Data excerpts
Segment Open

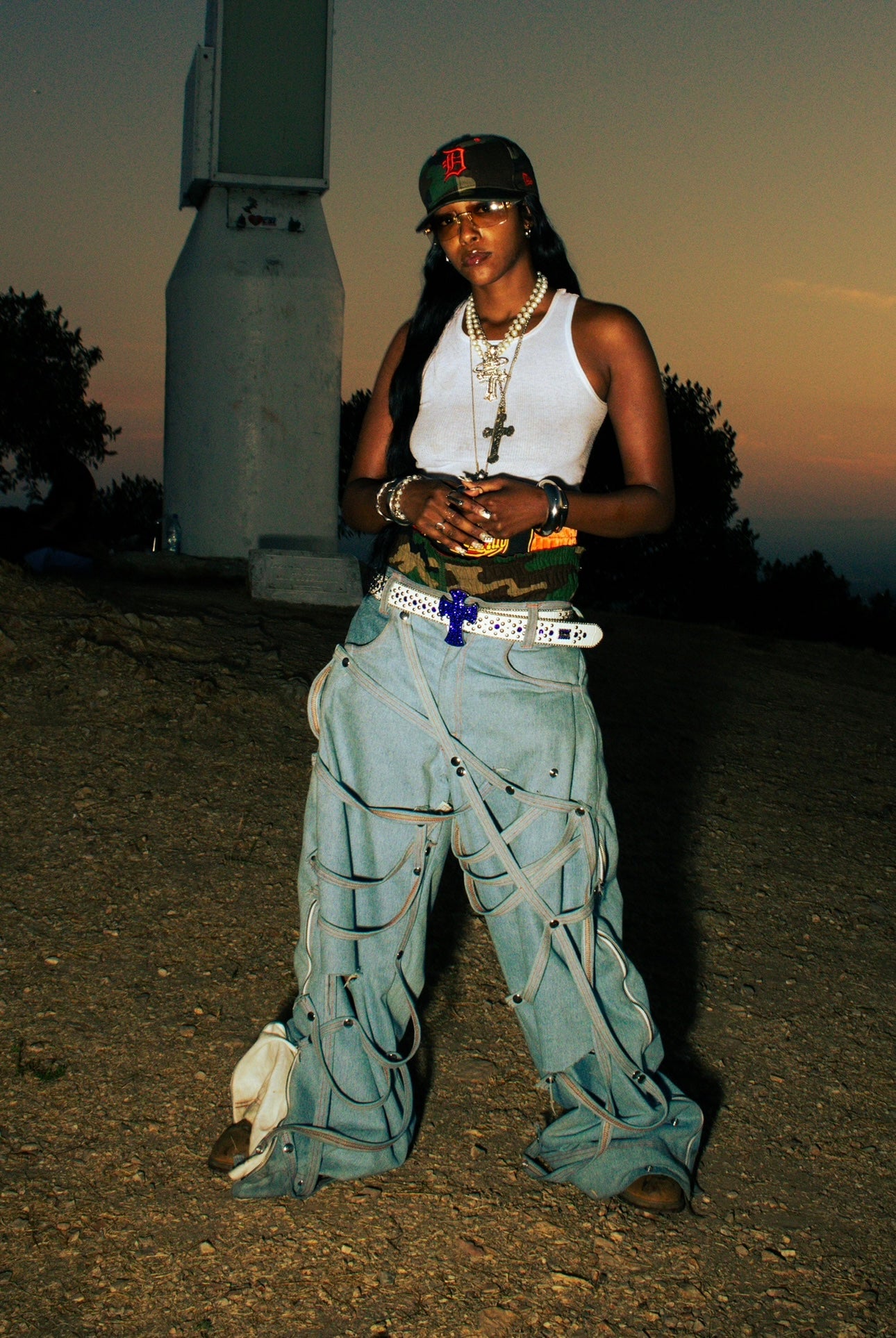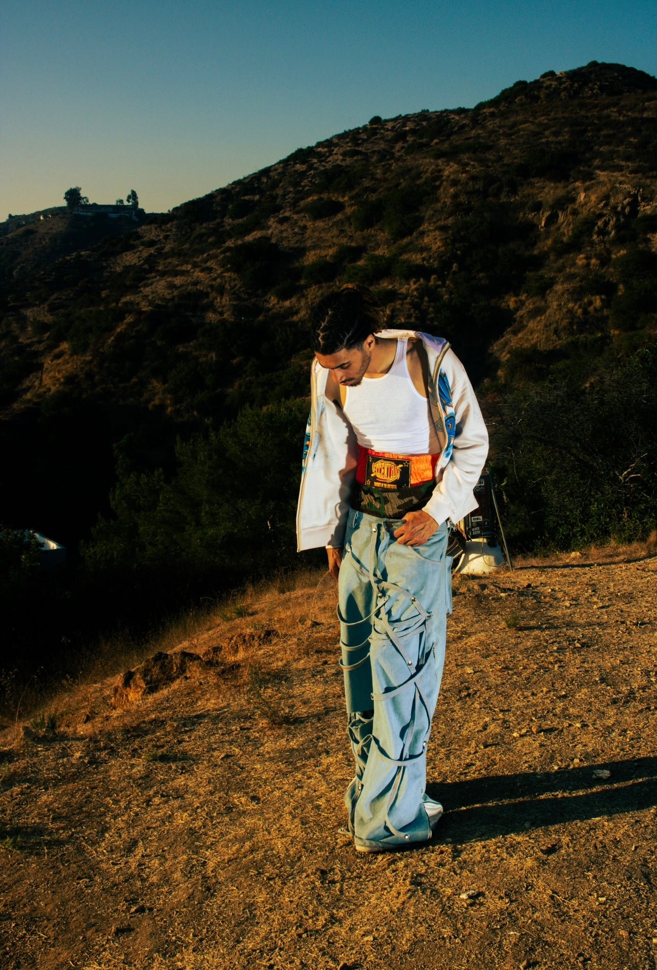Cut from deep light Japanese denim, these engineered pants blur the line between function and abstraction, with side panels that peel open like shifting tectonic plates. A detachable map of Detroit drapes like a relic of the past and future—an urban artifact in constant flux.
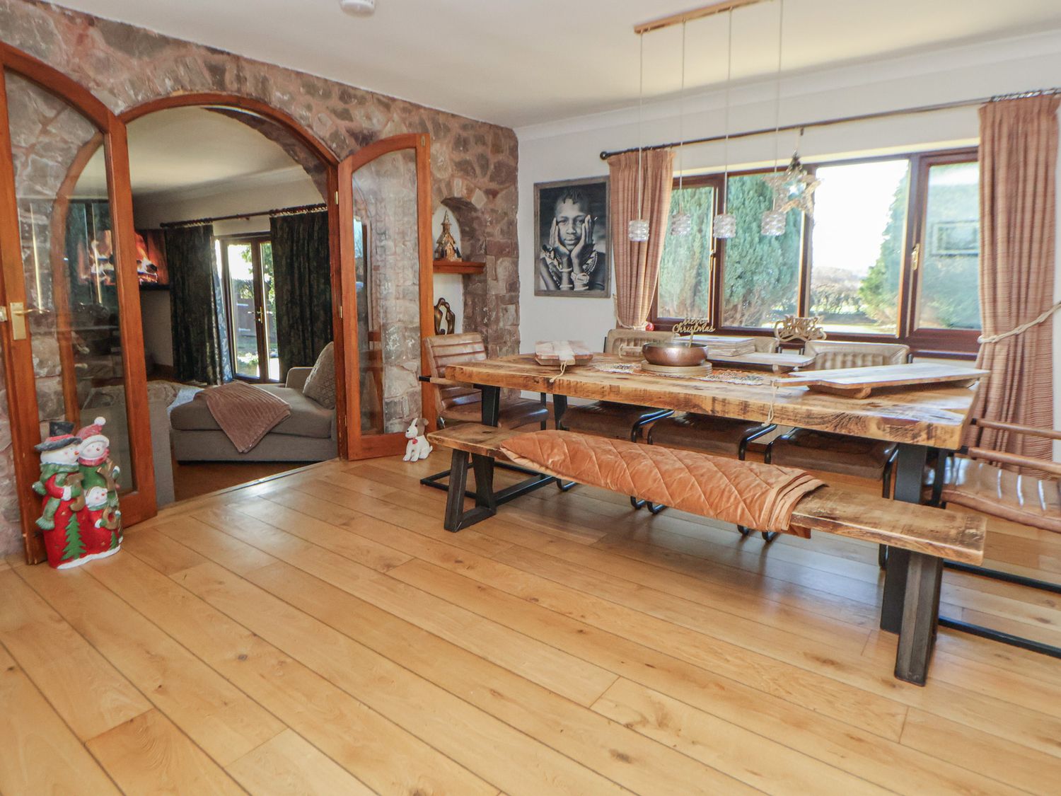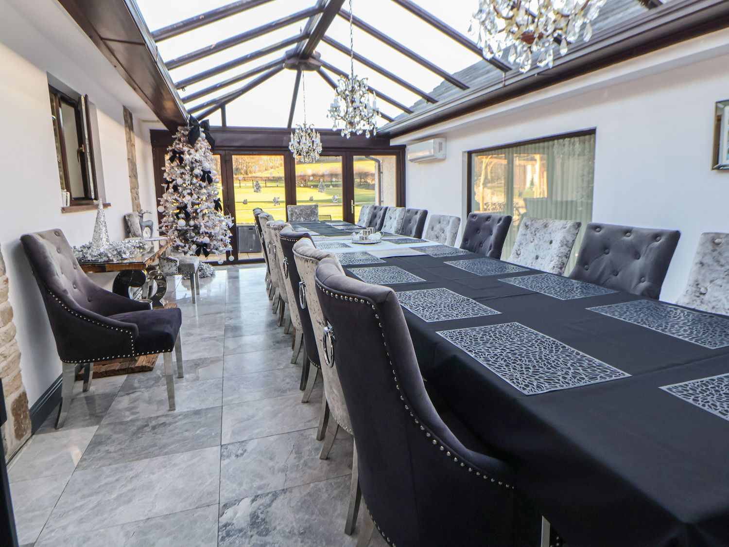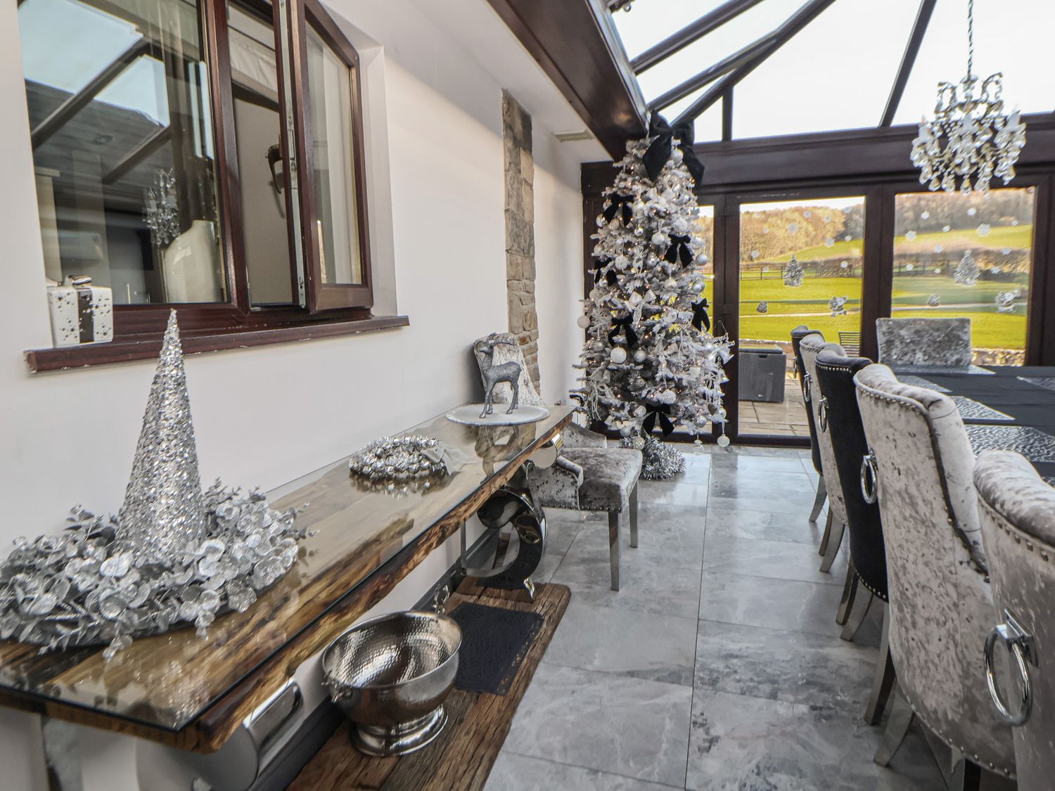"Brookway Lodge is a single-storey home with eight bedrooms, three of which have en-suites, made up of zip/links and family room for flexibility. There is also a bathroom and a wet room. The living areas include a kitchen, utility, dining room, sitting room with a woodburning stove, a snug, games room, breakfast room, media room, indoor heated pool room and steam room. Appliances include an electric Range cooker with oven and hobs, microwave, American-style fridge/freezer, washing machine, tumble dryer, 2 x dishwashers, wine cooler. For entertainment there are eight TVs with Sky Multiroom, Apple TV and Netflix, DVD, BOSE dock system with AirPlay and surround sound speakers, PlayStation 3 with games, and WiFi. A travel cot and highchair also available. Outside there is off-road parking with a detached garage, a private, enclosed garden with barbecue, electric sun awnings, patio heaters, activity centre, trampoline and six-seater Jacuzzi hot tub with waterfall function, waterproof iPod dock and Bluetooth sound system. Three well-behaved pets are welcome. Enjoy luxury at Brookway Lodge. Note: This property has a Good Housekeeping bond of -ú500."
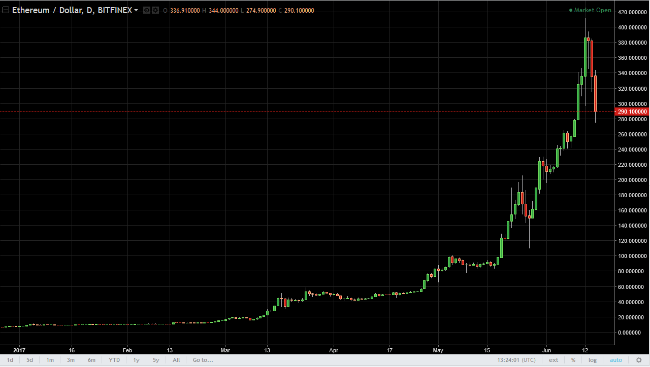 Ethereum continues to sell off, as the Wednesday session was just as bad as the Tuesday session. We tested the $280 level, but quite frankly I think we go farther to the downside from here. This chart has been parabolic for some time, and because of that the selling becomes vicious. I would need to see some type of stability on the daily chart to begin to think about buying, and believe that we could be looking at a move down to the $250 level next.
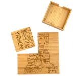 This State Puzzle Coaster Set with Case offers a natural solution for protecting tabletop. These sturdy coasters are crafted from organically-grown Moso® bamboo, an environmentally-friendly material solution that quickly re-grows once harvested. Bamboo is both lightweight & durable a perfect choice for coasters! The coaster set includes a handsome case to store coasters neatly when not in use. The coasters are easy to care for as well: simply wipe them with a damp cloth to clean. Complies with Prop 65. 4″ W x 4″ H
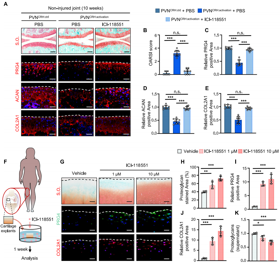 在非损伤关节小鼠模型中探究,关节内注射ADRB2特异性反向激动剂ICI-118551,能否挽救PVNCRH神经元激活引发的软骨退变。结果显示,ICI-118551干预6周即呈现有益效果,10周时保护作用显著(图5A-E),软骨指标近乎恢复正常生理水平,证实抑制ADRB2可有效预防PVNCRH神经元激活导致的软骨退变。

Segment Closed

AIM OF THE TASK: Could you output all the entries above exactly as written, leaving out the pictures?

FINISHED EXERCISE:
Cut from deep light Japanese denim, these engineered pants blur the line between function and abstraction, with side panels that peel open like shifting tectonic plates. A detachable map of Detroit drapes like a relic of the past and future—an urban artifact in constant flux.
"Brookway Lodge is a single-storey home with eight bedrooms, three of which have en-suites, made up of zip/links and family room for flexibility. There is also a bathroom and a wet room. The living areas include a kitchen, utility, dining room, sitting room with a woodburning stove, a snug, games room, breakfast room, media room, indoor heated pool room and steam room. Appliances include an electric Range cooker with oven and hobs, microwave, American-style fridge/freezer, washing machine, tumble dryer, 2 x dishwashers, wine cooler. For entertainment there are eight TVs with Sky Multiroom, Apple TV and Netflix, DVD, BOSE dock system with AirPlay and surround sound speakers, PlayStation 3 with games, and WiFi. A travel cot and highchair also available. Outside there is off-road parking with a detached garage, a private, enclosed garden with barbecue, electric sun awnings, patio heaters, activity centre, trampoline and six-seater Jacuzzi hot tub with waterfall function, waterproof iPod dock and Bluetooth sound system. Three well-behaved pets are welcome. Enjoy luxury at Brookway Lodge. Note: This property has a Good Housekeeping bond of -ú500."
 Ethereum continues to sell off, as the Wednesday session was just as bad as the Tuesday session. We tested the $280 level, but quite frankly I think we go farther to the downside from here. This chart has been parabolic for some time, and because of that the selling becomes vicious. I would need to see some type of stability on the daily chart to begin to think about buying, and believe that we could be looking at a move down to the $250 level next.
 This State Puzzle Coaster Set with Case offers a natural solution for protecting tabletop. These sturdy coasters are crafted from organically-grown Moso® bamboo, an environmentally-friendly material solution that quickly re-grows once harvested. Bamboo is both lightweight & durable a perfect choice for coasters! The coaster set includes a handsome case to store coasters neatly when not in use. The coasters are easy to care for as well: simply wipe them with a damp cloth to clean. Complies with Prop 65. 4″ W x 4″ H
 在非损伤关节小鼠模型中探究,关节内注射ADRB2特异性反向激动剂ICI-118551,能否挽救PVNCRH神经元激活引发的软骨退变。结果显示,ICI-118551干预6周即呈现有益效果,10周时保护作用显著(图5A-E),软骨指标近乎恢复正常生理水平,证实抑制ADRB2可有效预防PVNCRH神经元激活导致的软骨退变。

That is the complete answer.